Speaking at the Royal Institution of Great Britain in London, Gates, 57, spoke of his excitement at the potential of science to combat disease, suing an exhibit of an “iron lung” respirator – once used to help polio victims to breathe - from the Science Museum as his prop. He said his “all-time favourite” statistic was a chart showing that the annual number of children dying under the age of five had fallen from more than 20 million to 6.9 million in the space of his lifetime.

He praised the British media for its coverage of global poverty issues, singling out Jonathan Dimbleby – who had invited him to give the lecture in memory of his father, head of the famous broadcasting dynasty – for his 1973 documentary on Ethiopia “The Unknown Famine”. Gates also cited the work of the BBC’s Michael Buerk in the Horn of Africa, a decade later.

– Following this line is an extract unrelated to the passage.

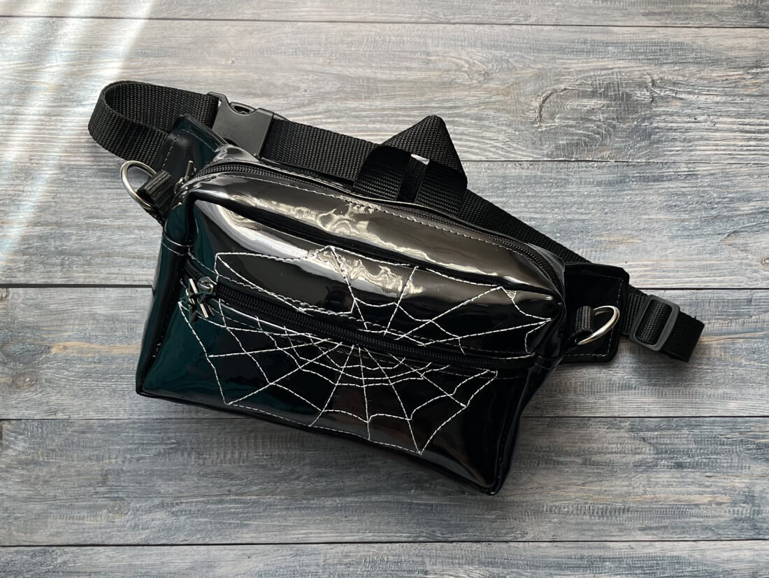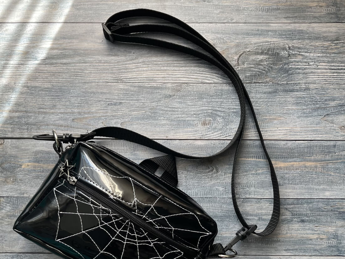 Minimalista y llamativo al mismo tiempo, este bolso de charol negro brillante con diseño de telaraña combina estilo gótico y urbano en un accesorio práctico y único. Ideal para quienes disfrutan marcar tendencia con piezas originales.

In explaining his determination to conquer polio, Gates quoted from The Independent foreign correspondent Patrick Cockburn’s personal account of the polio epidemic in Cork in 1956.

Last night The British Polio Fellowship welcomed Gates’s stand as “fantastic news” but called on him to also remember sufferers of the neurological condition Post-Polio Syndrome, including 120,000 people in the United Kingdom.

PATRICK COCKBURN

The Independent’s Senior Foreign Correspondent grew up in Cork, Republic of Ireland, where he was infected with polio at the age of six during the epidemic of 1956. His 2005 memoir, The Broken Boy, describes his experience of the crippling virus. Despite his physical disabilities, Cockburn has become one of the leading reporters of his generation. He is best known for his coverage of Iraq and is a winner of the Martha Gellhorn, James Cameron and Orwell prizes.